Rise to Peace blog

ISIS Claims Responsibility for the Suicide Bombing in Pakistan

According to security officials, a suicide explosion occurred on March 4th during prayer services at a Shia Muslim Mosque in the northern Pakistani city of Peshawar, killing at least 58 people and injuring almost 200 others. On a side note, while terrorism in Pakistan has decreased in the past few years, the underlying foundations of extremism, such as Al-Qaeda and ISIS, remain active. Pakistan had 319 terrorism-related incidents in 2020, according to the South Asia Terrorism Portal, with 169 civilian casualties. This is down from roughly 4,000 such instances in 2013, which resulted in over 2,700 civilian deaths. Will this recent attack serve as a major blow in the next few months in Pakistan?

The Islamic State claimed responsibility for the blast in a statement on Friday, making it one of the group’s largest operations within Pakistan. When police stopped an armed man on a motorcycle near the mosque, he opened fire before forcing his way inside a congested hall and detonating his suicide vest, according to senior police official Haroon Rasheed. As specified by Moazzam Jah Ansari, the chief police commander for Khyber Pakhtunkhwa province, where Peshawar is the capital, the assailant had attached a strong explosive charge to his body, containing 5 kg (12 lbs.) of explosives.

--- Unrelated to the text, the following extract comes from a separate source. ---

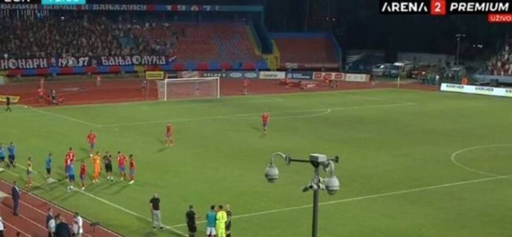 Меч је био прекинут у 70. минуту пошто су гостујући играчи одлучили да се повуку са терена после скандирања домаћих навијача „Косово-Србија“.

Several of the injured, according to Asim Khan, a spokeswoman for Peshawar’s Lady Reading hospital, were in serious condition. Hundreds of people were hurt by shrapnel, several had their legs amputated, and others were hit by flying debris. Doctors struggled to transport the injured into operating rooms at the hospital’s emergency department, which was chaotic. Hundreds of families gathered outside the emergency room, many of whom were sobbing and shaking their heads, desperate for information on their family members.

Shia Muslims as ISIS Targets

When reviewing the actual circumstances of earlier attacks, it is evident that ISIS, an extreme Sunni militant group, has long targeted Shia Muslims in Afghanistan, Libya, Iraq, Iran, and now Pakistan, and has a particular interest in the Hazara ethnic minority, which is primarily Shia. Pakistan is predominantly Sunni, with 76 percent of Pakistanis identifying as Sunni and 10–15 percent of Shia, based on a 2010 estimate.

ISIS issued a statement in 2021 claiming that it would assault Shia in their homes and centers “by any means conceivable,” from “slaughtering their necks to distributing their limbs.” Murder and other inhumane acts inflicting severe pain are alleged crimes against humanity committed by ISIS. According to the group’s public statements, the violent attacks are clearly part of a determined policy.

Until recently, there was no animosity between Sunni and Shi’a religious organizations. The origins of terrorist attacks against Shi’a in Pakistan may be traced back to General Zia-ul-dictatorship Haq’s, which began in 1978 after a military takeover the previous year and lasted until his death in 1988. Following the 1979 Iranian revolution, many majority Sunni states, including Pakistan, began to be concerned about the spread of Shi’a Islam. To counter this, Zia bolstered ties with Saudi Arabia and welcomed Wahhabism, a hardline interpretation of Sunni Islam.

In 2011, extreme Sunni militants published an open letter to Quetta’s Shi’a community, which is mostly Hazara, declaring that “all Shi’a are deserving of killing” and that they intend to “create a Pakistan graveyard.” These words were supplemented by a methodical wave of terror directed at Shi’a professionals, officials, and visitors traveling to and from holy places and festivals in Pakistan. Militant groups have continued to target Shi’a professionals to this day, and all of these assaults have indeed been particularly violent in recent times. Militants and terrorist organizations have destroyed social gatherings and thickly urbanized Shi’a neighborhoods with reckless abandon.

A Weak Government is a Weak Defense Force

Vulnerability in the Pakistani government has impacted the lives of the minorities, such as schooling and career opportunities. This insecurity presents itself along gender lines as well, with Hazara women’s mobility being severely limited. As ISIS gains momentum, attacks on minorities will undoubtedly become more cautious in the coming months. To state the obvious, Pakistan has poor governance, allowing extremist organizations to carry out minor to major attacks in regions and cities. Pakistan’s administration lacks transparency and accountability. Political instability and corruption are also present, and the Pakistani government’s ongoing struggles will not be enough to silence ISIS, which will continue to grow in strength.

Developing investigation protocols and the use of corroborating analysis in the formulation of terrorism cases would be extremely beneficial in combating this expanding threat. Improving state and cross coordination on intelligence, police, and counter-terrorism divisions in Pakistan, as well as strengthening capacity on terrorism-related situation plans and promoting greater judicial legitimacy and human rights for minorities, are all crucial. Regardless of the support given by other countries to counter threats in Pakistan, it would be useless if the internal system of their government was compromised.